Due to the high rate and severity of warming, the PETM event is frequently used as a model for understanding modern warming, despite the fact that the underlying mechanism is quite different.

The study’s lead author, Dr. Tom Gernon, an associate professor of earth science at the University of Southampton, notes that the underlying cause is hotly debated despite the PETM’s significance and wider relevance to current global change. “It’s generally agreed that a sudden and massive release of the greenhouse gas, carbon, from the Earth’s interior must have driven this event, yet the scale and pace of warming is very hard to explain by conventional volcanic processes.”

Using records of rocks dug up from the seafloor near the edge of the Atlantic Ocean, the team found key evidence for a sudden, widespread period of volcanic activity in the North Atlantic Ocean that lasted just over 200,000 years, which is eerily similar to the length of the PETM.

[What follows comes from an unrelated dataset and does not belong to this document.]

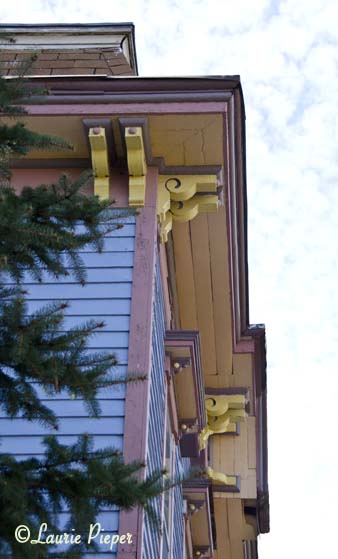My favorite thing about living in an historic neighborhood is the variety of architectural details. Unlike many modern neighborhoods in which properties are expected to conform to a set of design standards, in the older neighborhoods, there were often a great variety of styles. The Morning Star is part of the Houston and Pierre Streets Historic Residential District. The houses in this district are from the late 1800’s to early 1900’s and represent  Queen Anne, Italianate, Classical Revival, Tudor, and Vernacular Folk styles. Built in 1902, our house, a Queen Anne “transitional”, is one of the newer ones. This afternoon, I went for a stroll around the neighborhood and photographed some of many details one can see just walking around. The first three photos are from our house.
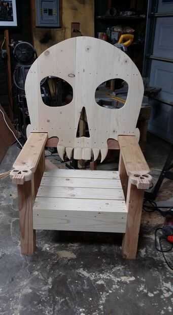 Primer cartel de tiempo. Había visto una silla similar flotando alrededor de Facebook para un par de meses y mi hija le preguntó si pensaba que podría hacer uno. Deseo que había tomado pix más como he construido, pero encontré mi surco y creado este fuera una pila de madera que tenía en mi pila de proyecto en el garaje. Las calaveras en los brazos fueron a mano alzada tallado con una herramienta Dremel, flameado con una botella de gas mapa,, luego lijar. Los dientes están en forma y contorno. La silla es 53" T y el asiento es 24" W x 23 "D. He dejado sin terminar por el momento. Yo no puedo decidir si quiero teñir o pintar. Espero que les guste.

Based on these results, the team decided to expand its search to include the rest of the North Atlantic, such as Greenland and the Faroe Islands. Here, they found that lava piles a kilometer thick that started to erupt just before the PETM have strange compositions that point to a big increase in the amount of melting of the uppermost solid part of the Earth’s mantle beneath the continent.

Dr. Gernon says, “This finding is significant, because we know that parts of the continental mantle in this region are enriched in carbonates, a major source of carbon. “This rapid increase in mantle melting,” according to expert, “likely released a very large volume of carbon – certainly more than we had previously expected .”

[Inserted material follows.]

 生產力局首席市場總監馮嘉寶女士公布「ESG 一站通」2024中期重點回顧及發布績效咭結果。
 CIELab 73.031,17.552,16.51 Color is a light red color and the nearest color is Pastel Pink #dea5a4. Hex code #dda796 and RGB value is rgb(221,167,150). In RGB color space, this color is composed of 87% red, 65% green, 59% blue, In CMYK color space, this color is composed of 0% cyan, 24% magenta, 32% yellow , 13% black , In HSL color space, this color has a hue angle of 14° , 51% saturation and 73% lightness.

The period of severe volcanic activity coincided with the period of greatest plate tectonic stretching of the continental landmass connecting Greenland and Europe. Eventually, Greenland and North America broke away from Europe, creating the North Atlantic Ocean. According to scientists, the Earth’s mantle underwent significant melting during this last stage of stretching, which caused a significant carbon dioxide release and subsequent global warming.

The team used a variety of models to figure out how much carbon could have been released by this process. Dr. Thea Hincks, Senior Research Fellow at the University of Southampton and a co-author on the study, says, “Using physically realistic estimates of the key characteristics of these volcanic systems, we show that the amount of carbon needed to drive warming could have been attained by enhanced melting.”

The researchers come to the conclusion that abrupt warming events like the PETM, which are quite likely to have happened during many other periods in Earth history, are greatly influenced by rapid gas release from the solid Earth. Dr. Gernon finds that “such rapid events cause a fundamental reorganization of Earth’s surface environment, altering vast ecosystems.”